Work to be completed:
Retype the data exactly, skipping any picture in it.

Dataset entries
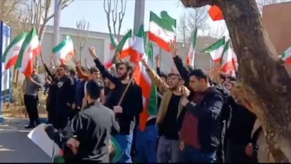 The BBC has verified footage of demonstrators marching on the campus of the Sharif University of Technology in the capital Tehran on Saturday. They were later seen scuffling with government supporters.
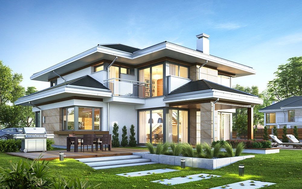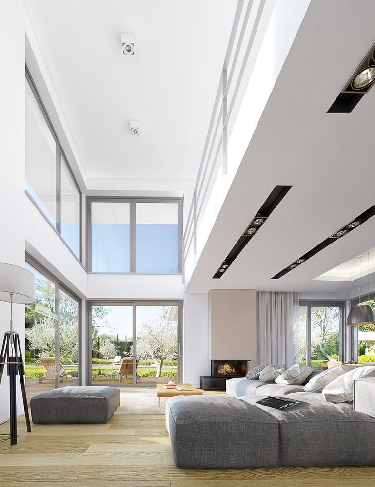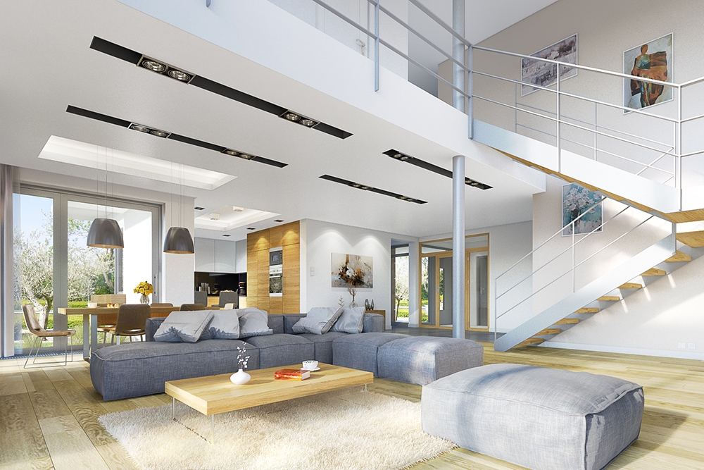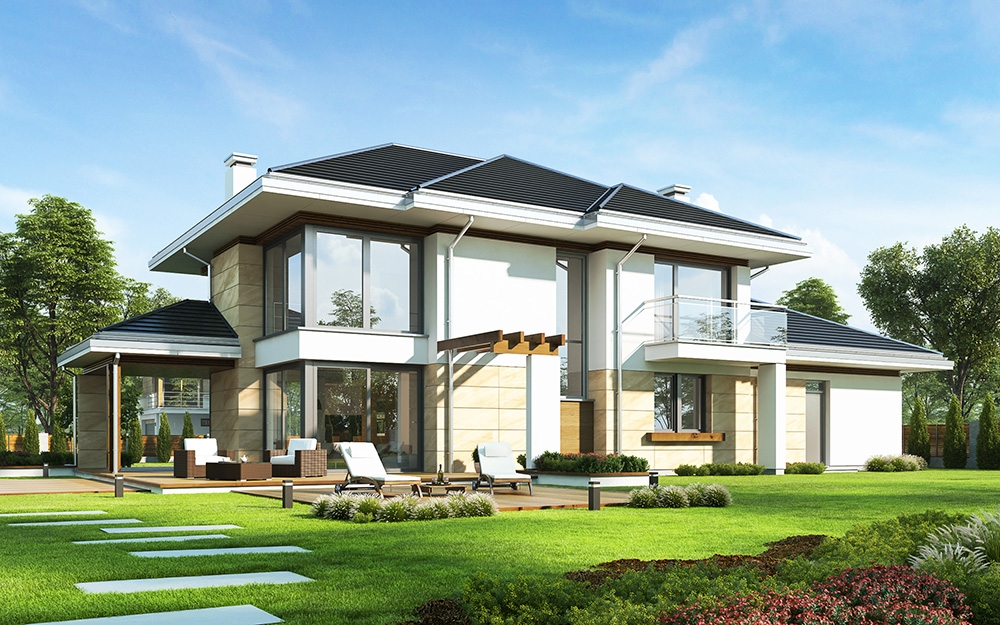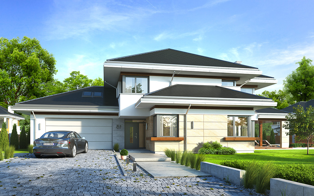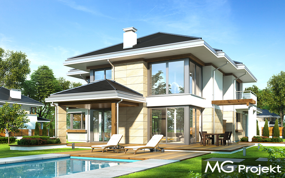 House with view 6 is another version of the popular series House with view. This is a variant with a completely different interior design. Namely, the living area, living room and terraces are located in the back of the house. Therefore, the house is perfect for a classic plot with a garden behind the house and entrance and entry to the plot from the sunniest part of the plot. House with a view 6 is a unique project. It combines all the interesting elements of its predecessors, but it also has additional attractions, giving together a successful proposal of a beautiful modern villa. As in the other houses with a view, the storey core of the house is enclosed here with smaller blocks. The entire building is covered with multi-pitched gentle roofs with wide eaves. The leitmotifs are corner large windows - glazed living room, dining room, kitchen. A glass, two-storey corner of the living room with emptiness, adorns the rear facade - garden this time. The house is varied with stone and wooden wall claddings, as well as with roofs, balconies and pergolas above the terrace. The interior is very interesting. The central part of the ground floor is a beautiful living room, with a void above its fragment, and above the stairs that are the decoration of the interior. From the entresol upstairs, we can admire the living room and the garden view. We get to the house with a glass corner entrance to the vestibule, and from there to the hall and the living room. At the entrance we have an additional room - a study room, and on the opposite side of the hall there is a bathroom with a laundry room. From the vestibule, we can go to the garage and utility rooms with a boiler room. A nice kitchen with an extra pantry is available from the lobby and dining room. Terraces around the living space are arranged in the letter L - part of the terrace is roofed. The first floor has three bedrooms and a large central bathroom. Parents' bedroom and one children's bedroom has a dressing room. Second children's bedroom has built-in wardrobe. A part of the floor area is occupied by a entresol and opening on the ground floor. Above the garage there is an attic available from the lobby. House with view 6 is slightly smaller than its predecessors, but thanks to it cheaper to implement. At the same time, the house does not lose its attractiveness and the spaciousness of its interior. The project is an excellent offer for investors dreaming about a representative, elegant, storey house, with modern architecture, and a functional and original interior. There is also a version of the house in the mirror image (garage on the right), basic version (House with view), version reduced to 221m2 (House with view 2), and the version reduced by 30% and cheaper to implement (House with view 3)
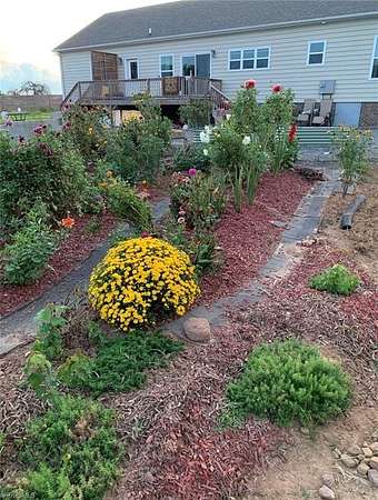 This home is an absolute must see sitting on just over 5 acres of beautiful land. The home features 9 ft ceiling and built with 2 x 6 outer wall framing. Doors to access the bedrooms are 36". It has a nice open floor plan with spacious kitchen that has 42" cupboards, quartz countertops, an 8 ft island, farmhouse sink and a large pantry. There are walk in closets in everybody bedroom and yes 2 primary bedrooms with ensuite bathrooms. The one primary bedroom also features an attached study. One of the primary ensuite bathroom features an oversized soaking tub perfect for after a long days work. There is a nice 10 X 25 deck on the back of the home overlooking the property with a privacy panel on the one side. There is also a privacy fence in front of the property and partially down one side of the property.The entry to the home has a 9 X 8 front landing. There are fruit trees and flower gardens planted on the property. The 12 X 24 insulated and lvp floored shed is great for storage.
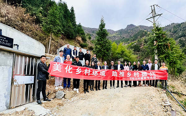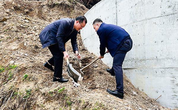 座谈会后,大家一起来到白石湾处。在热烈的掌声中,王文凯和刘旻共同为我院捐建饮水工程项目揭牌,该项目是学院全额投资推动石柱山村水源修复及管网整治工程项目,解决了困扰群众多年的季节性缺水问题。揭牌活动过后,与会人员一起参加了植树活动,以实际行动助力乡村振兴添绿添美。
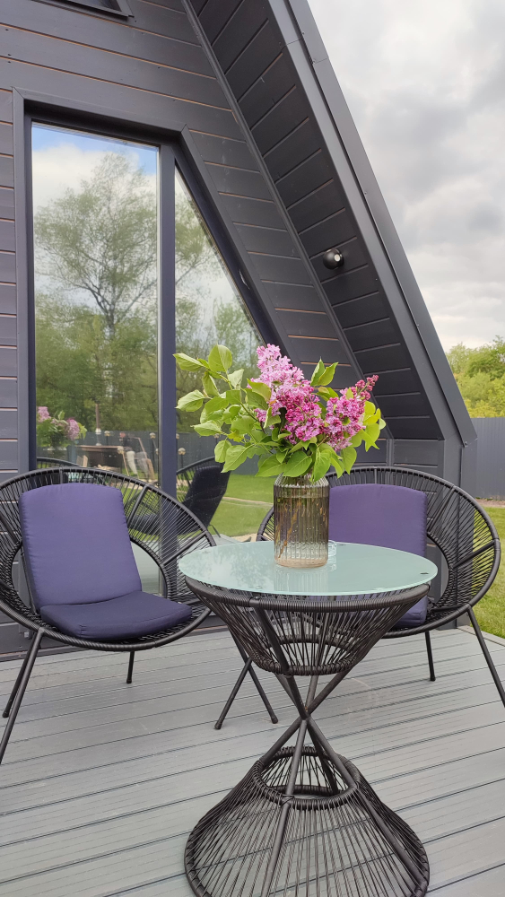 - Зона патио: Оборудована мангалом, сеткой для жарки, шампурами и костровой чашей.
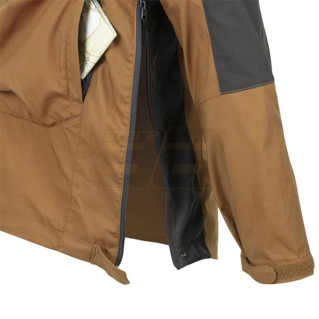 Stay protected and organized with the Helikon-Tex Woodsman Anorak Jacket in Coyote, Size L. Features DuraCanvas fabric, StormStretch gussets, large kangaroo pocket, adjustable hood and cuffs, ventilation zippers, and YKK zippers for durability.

Response box:
 The BBC has verified footage of demonstrators marching on the campus of the Sharif University of Technology in the capital Tehran on Saturday. They were later seen scuffling with government supporters.
 House with view 6 is another version of the popular series House with view. This is a variant with a completely different interior design. Namely, the living area, living room and terraces are located in the back of the house. Therefore, the house is perfect for a classic plot with a garden behind the house and entrance and entry to the plot from the sunniest part of the plot. House with a view 6 is a unique project. It combines all the interesting elements of its predecessors, but it also has additional attractions, giving together a successful proposal of a beautiful modern villa. As in the other houses with a view, the storey core of the house is enclosed here with smaller blocks. The entire building is covered with multi-pitched gentle roofs with wide eaves. The leitmotifs are corner large windows - glazed living room, dining room, kitchen. A glass, two-storey corner of the living room with emptiness, adorns the rear facade - garden this time. The house is varied with stone and wooden wall claddings, as well as with roofs, balconies and pergolas above the terrace. The interior is very interesting. The central part of the ground floor is a beautiful living room, with a void above its fragment, and above the stairs that are the decoration of the interior. From the entresol upstairs, we can admire the living room and the garden view. We get to the house with a glass corner entrance to the vestibule, and from there to the hall and the living room. At the entrance we have an additional room - a study room, and on the opposite side of the hall there is a bathroom with a laundry room. From the vestibule, we can go to the garage and utility rooms with a boiler room. A nice kitchen with an extra pantry is available from the lobby and dining room. Terraces around the living space are arranged in the letter L - part of the terrace is roofed. The first floor has three bedrooms and a large central bathroom. Parents' bedroom and one children's bedroom has a dressing room. Second children's bedroom has built-in wardrobe. A part of the floor area is occupied by a entresol and opening on the ground floor. Above the garage there is an attic available from the lobby. House with view 6 is slightly smaller than its predecessors, but thanks to it cheaper to implement. At the same time, the house does not lose its attractiveness and the spaciousness of its interior. The project is an excellent offer for investors dreaming about a representative, elegant, storey house, with modern architecture, and a functional and original interior. There is also a version of the house in the mirror image (garage on the right), basic version (House with view), version reduced to 221m2 (House with view 2), and the version reduced by 30% and cheaper to implement (House with view 3)
 This home is an absolute must see sitting on just over 5 acres of beautiful land. The home features 9 ft ceiling and built with 2 x 6 outer wall framing. Doors to access the bedrooms are 36". It has a nice open floor plan with spacious kitchen that has 42" cupboards, quartz countertops, an 8 ft island, farmhouse sink and a large pantry. There are walk in closets in everybody bedroom and yes 2 primary bedrooms with ensuite bathrooms. The one primary bedroom also features an attached study. One of the primary ensuite bathroom features an oversized soaking tub perfect for after a long days work. There is a nice 10 X 25 deck on the back of the home overlooking the property with a privacy panel on the one side. There is also a privacy fence in front of the property and partially down one side of the property.The entry to the home has a 9 X 8 front landing. There are fruit trees and flower gardens planted on the property. The 12 X 24 insulated and lvp floored shed is great for storage.
 座谈会后,大家一起来到白石湾处。在热烈的掌声中,王文凯和刘旻共同为我院捐建饮水工程项目揭牌,该项目是学院全额投资推动石柱山村水源修复及管网整治工程项目,解决了困扰群众多年的季节性缺水问题。揭牌活动过后,与会人员一起参加了植树活动,以实际行动助力乡村振兴添绿添美。
 - Зона патио: Оборудована мангалом, сеткой для жарки, шампурами и костровой чашей.
 Stay protected and organized with the Helikon-Tex Woodsman Anorak Jacket in Coyote, Size L. Features DuraCanvas fabric, StormStretch gussets, large kangaroo pocket, adjustable hood and cuffs, ventilation zippers, and YKK zippers for durability.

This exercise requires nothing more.